Has someone come up with a way to de-warp an object seen as an Einstein ring? I thought I had read someone doing this, but maybe it was they were trying to do this. Maybe it was during the discussion on using Sol as a gravitational lens like this?? Seems like some interesting math to put the image in TFA back into the shape of a galaxy.
Can someone with the knowledge explain, is the close elliptical galaxy actually just the small dot of light in the centre and the spiral galaxy is behind it but dramatically magnified by the lens effect?
> Of course, this image is only possible because of our vantage point. Astronomers in other galaxies wouldn't catch such a wondrous image.

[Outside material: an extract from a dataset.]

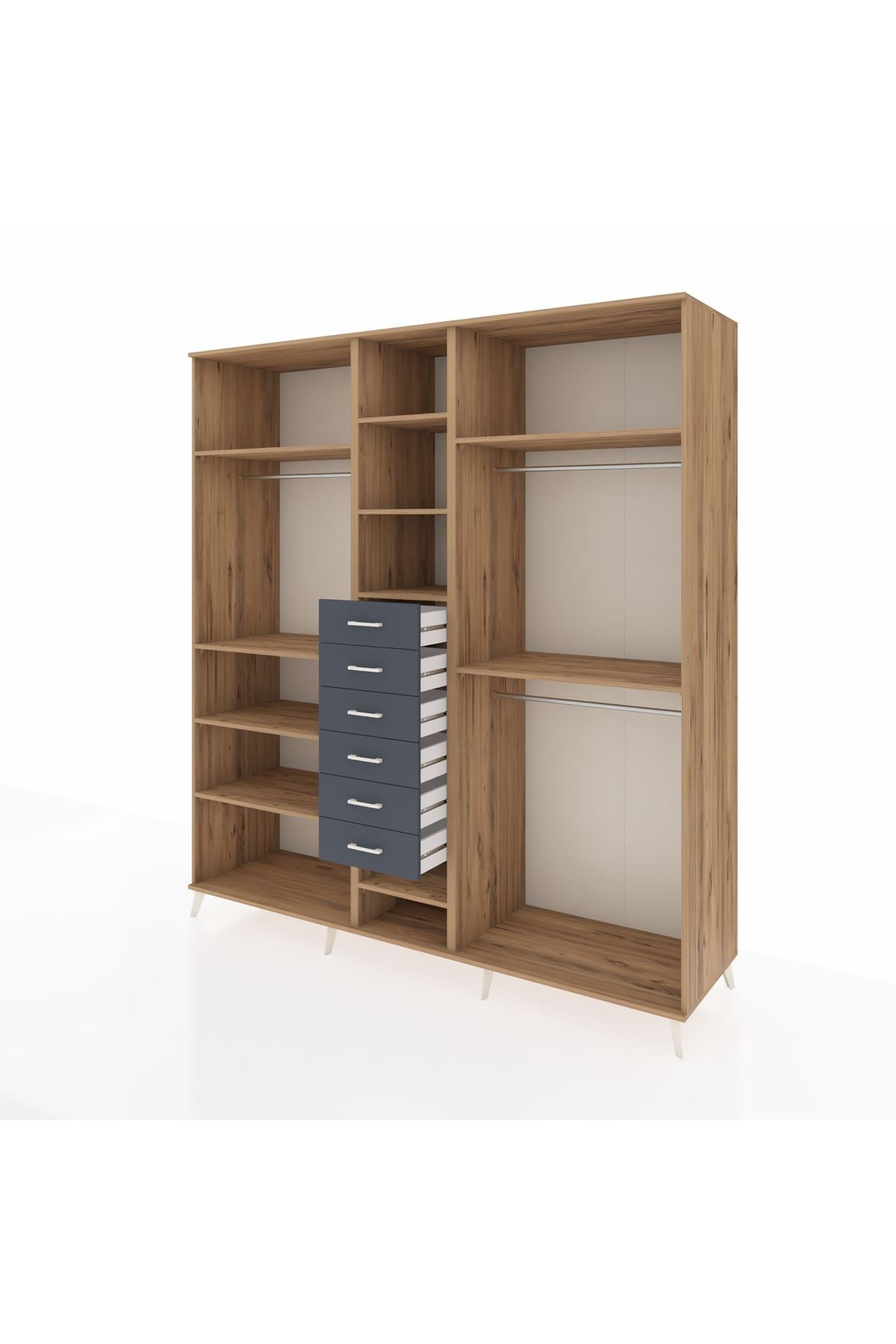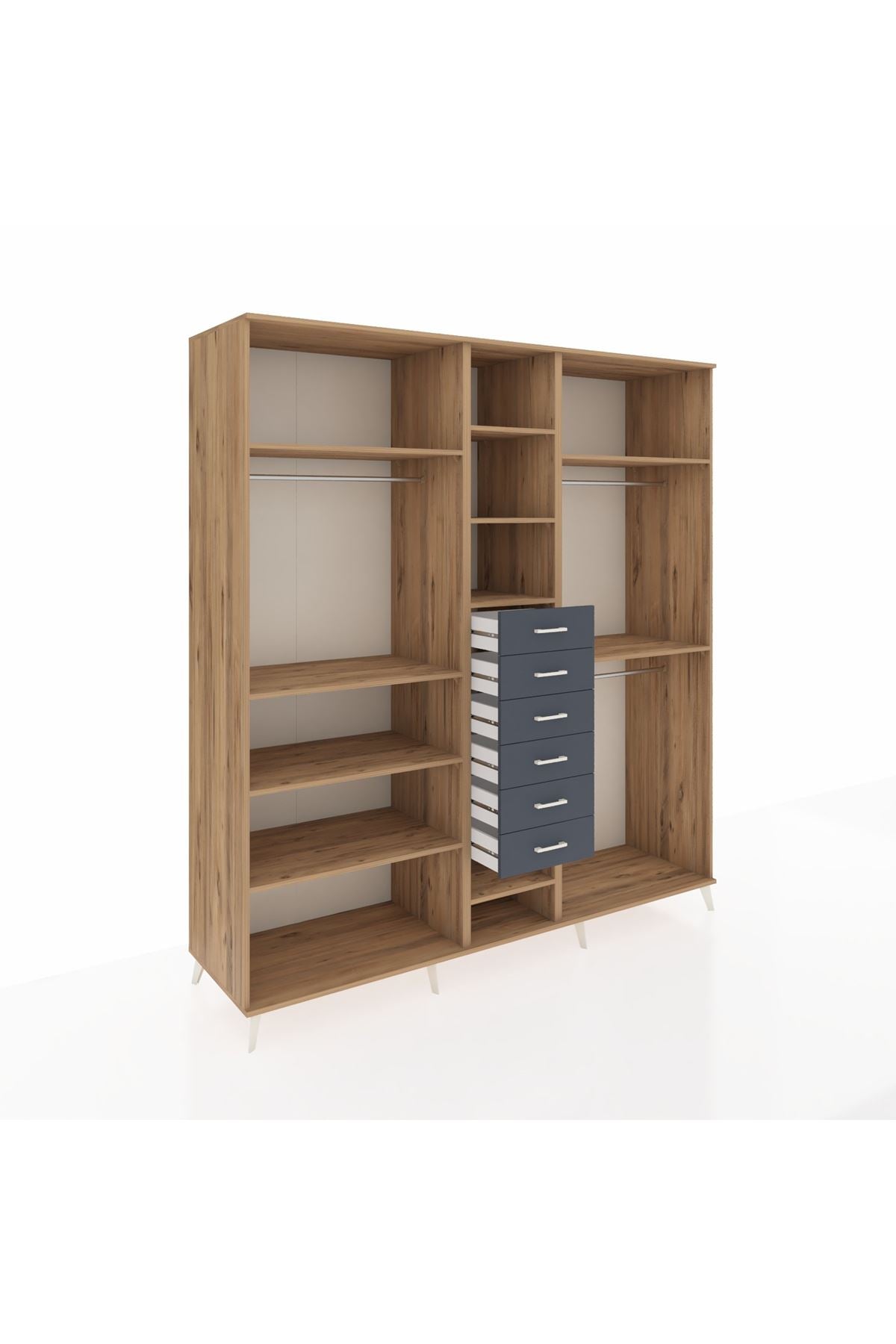 Kronos Dolap 10 Raflı 6 Çekmeceli 3 Askılı 220x59x243 Çam-Çam/Antrasit

Well no, but they probably would catch other wondrous images we can't catch due to our vantage point.
Are diffraction spikes of light not present because everything in the picture is a galaxy and not stars? Or do they remove them now with processing?
Here’s what I mean: https://webbtelescope.org/contents/media/images/01G529MX46J7...

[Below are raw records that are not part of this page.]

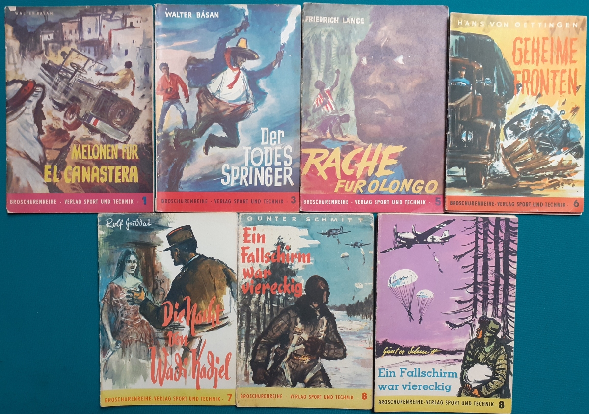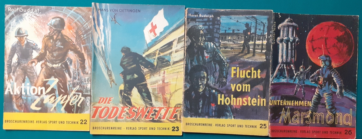 fortgesetzt. Siehe auch dort: Hier zur Kleinen Erzählerreihe ... Es erschienen außerdem 1957 6 Hefte unter der Bezeichnung "Broschürenreihe Technische Abenteuer" im etwas größeren Format 21 x 15 cm. Diese Hefte sind sehr selten und sind im Anschluß unten aufgeführt. |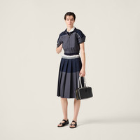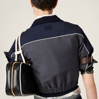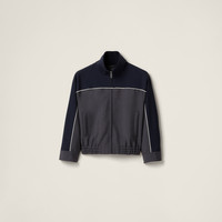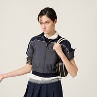 A sporty piping detail accentuates the contrast of classic shades in this kid mohair blouson jacket, revealing the versatile and athletic attitude that defines the essence of the Miu Miu uniform. - Product code: ML1200_163O_F0EVW_S_OOO - Lined garment - Stand-up collar - Long sleeves - Buttoned cuffs - Zipper closure - Welt pockets - No drawstring - Embroidered logo - Imported - The model is 179 cm tall and wears a size 38 Height 44cm Materials Main material: 60% Mohair 40% Virgin Wool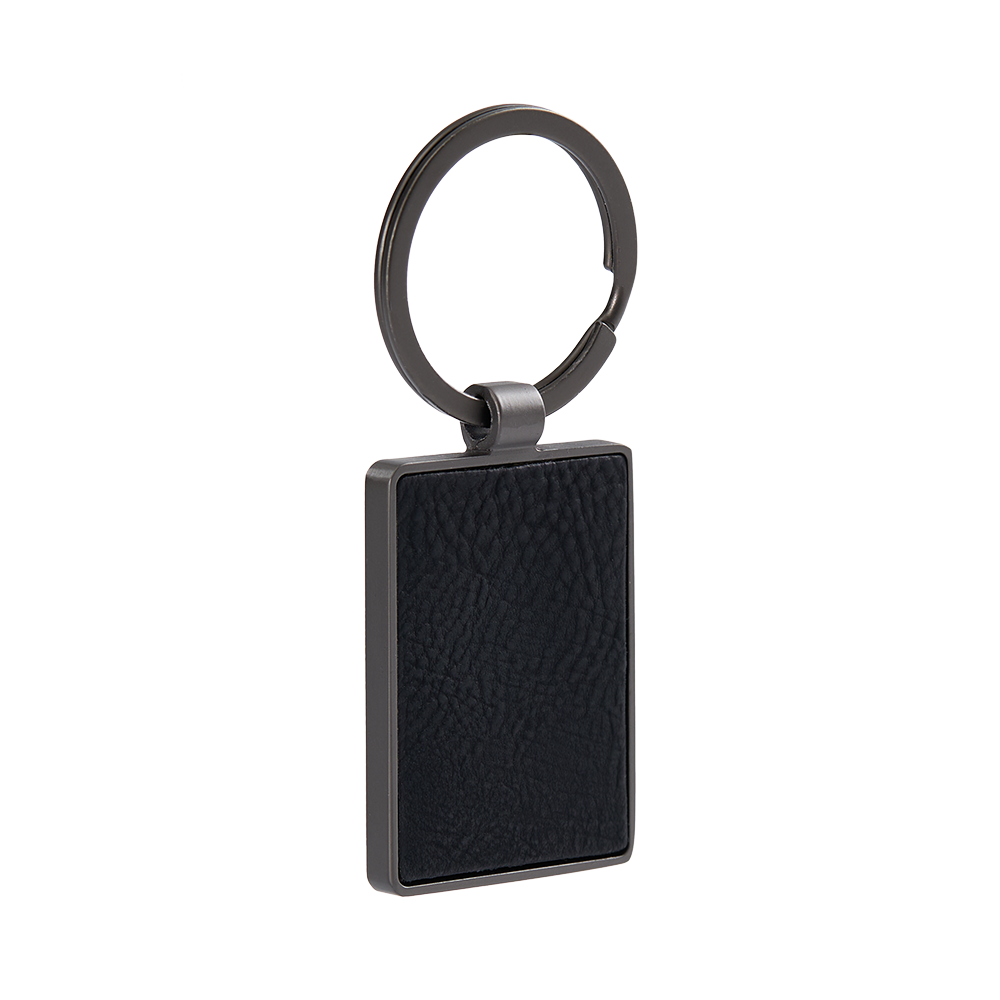 Металлический брелок со вставкой из искусственной кожи для гравировки.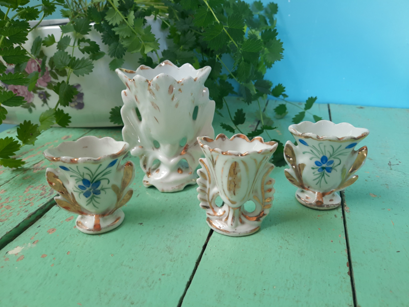 Antieke minivaasjesZo leuk! Deze 4 antieke minivaasjes, decoratief maar ook leuk in b.v. een poppenhuis. Zet er een bosje droogbloemen of veertjes in of laat ze gewoon leeg. De vaasjes met blauw decor zijn 5 cm. hoog, de kleine in wit- goud is 5,5…

Can somebody knowledgeable please tell me what's the distance from Earth to these galaxies?
> beauty is not only in the eye of the beholder, but also where that beholder is.
I love this
this should be able to be used to test dark matter theories.
https://esawebb.org/images/potm2503a/ ("Spying a spiral through a cosmic lens")
https://www.esa.int/ESA_Multimedia/Images/2025/03/Webb_spies... ("Webb spies a spiral through a cosmic lens")
Some clarifying context not present in this OP (phys.org): this is a composite of Hubble visible-light images with Webb data.